• _Exercise objective_: Your answer must be exactly the lines from the one containing "ポーカールーム「PreFlo" through the end of the material, both ends included, without pictures.

• _Data block_:
+ + +

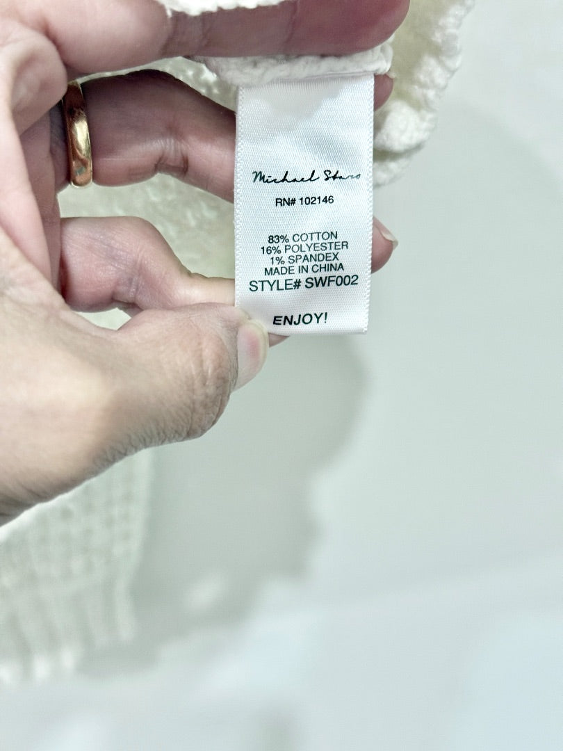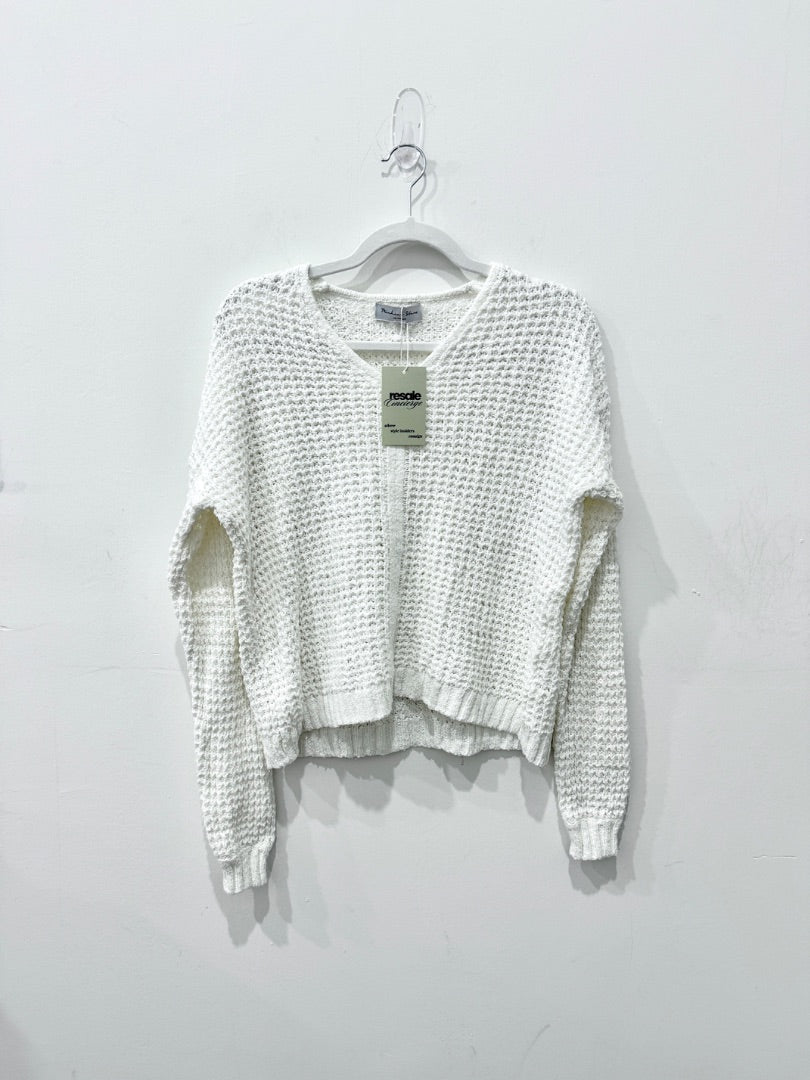 Michael Stars Kelsie Chunky Waffle Oversized V-Neck Sweater Ivory Womens Size XS
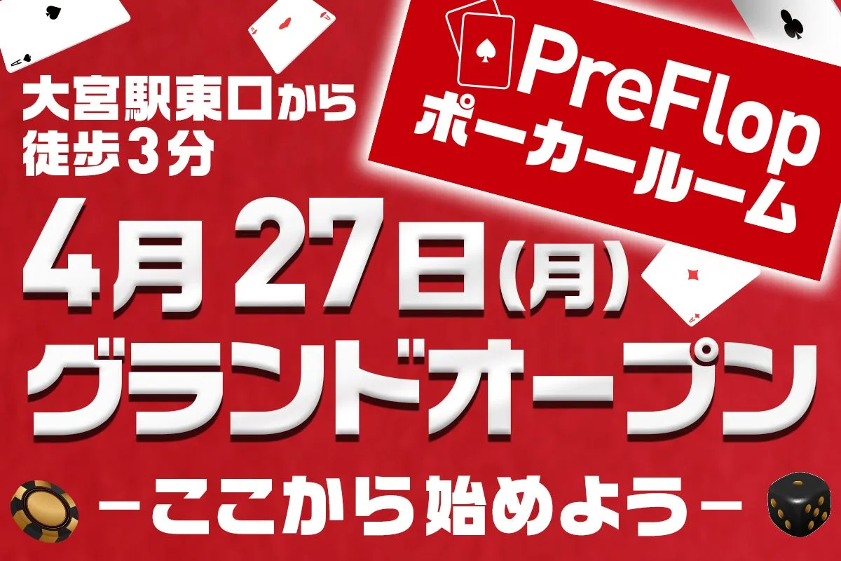 ポーカールーム「PreFlop 大宮」のオープン日は2026年4月27日14:30からの予定で、興味がある方は事前の予約をお勧めします。特にトーナメント参加やリングチップのストックを希望する方は、Waitinglistへの登録が必要です。
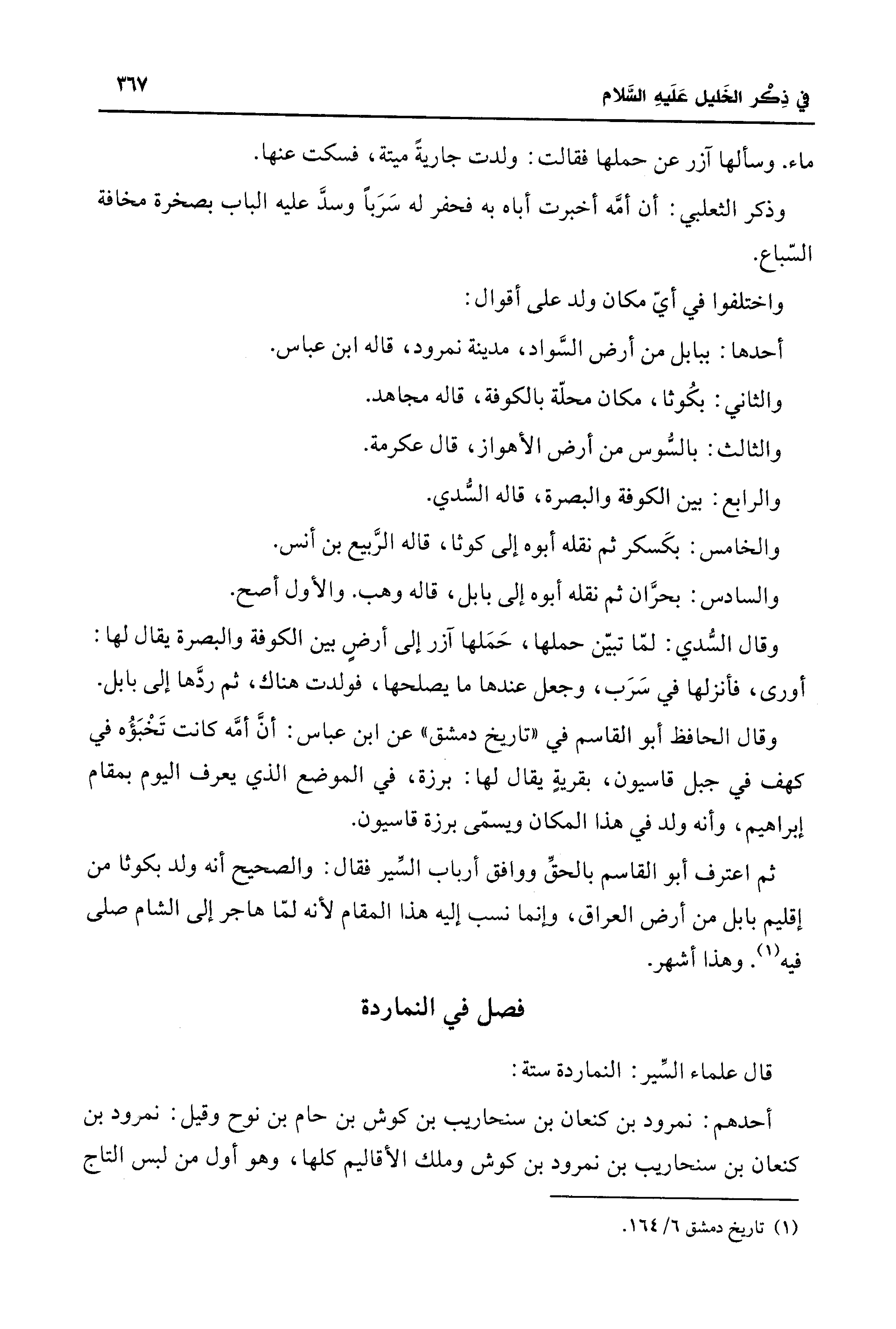 ثم اعترف أبو القاسم بالحقِّ ووافق أرباب السّير فقال: والصحيح أنه ولد بكوثا من إقليم بابل من أرض العواق، وإنما نسب إليه هذا المقام لأنه لمّا هاجر إلى الشام صلى فيه (¬1). وهذا أشهر.

+ + +

• _Answer to the problem_:
 ポーカールーム「PreFlop 大宮」のオープン日は2026年4月27日14:30からの予定で、興味がある方は事前の予約をお勧めします。特にトーナメント参加やリングチップのストックを希望する方は、Waitinglistへの登録が必要です。
 ثم اعترف أبو القاسم بالحقِّ ووافق أرباب السّير فقال: والصحيح أنه ولد بكوثا من إقليم بابل من أرض العواق، وإنما نسب إليه هذا المقام لأنه لمّا هاجر إلى الشام صلى فيه (¬1). وهذا أشهر.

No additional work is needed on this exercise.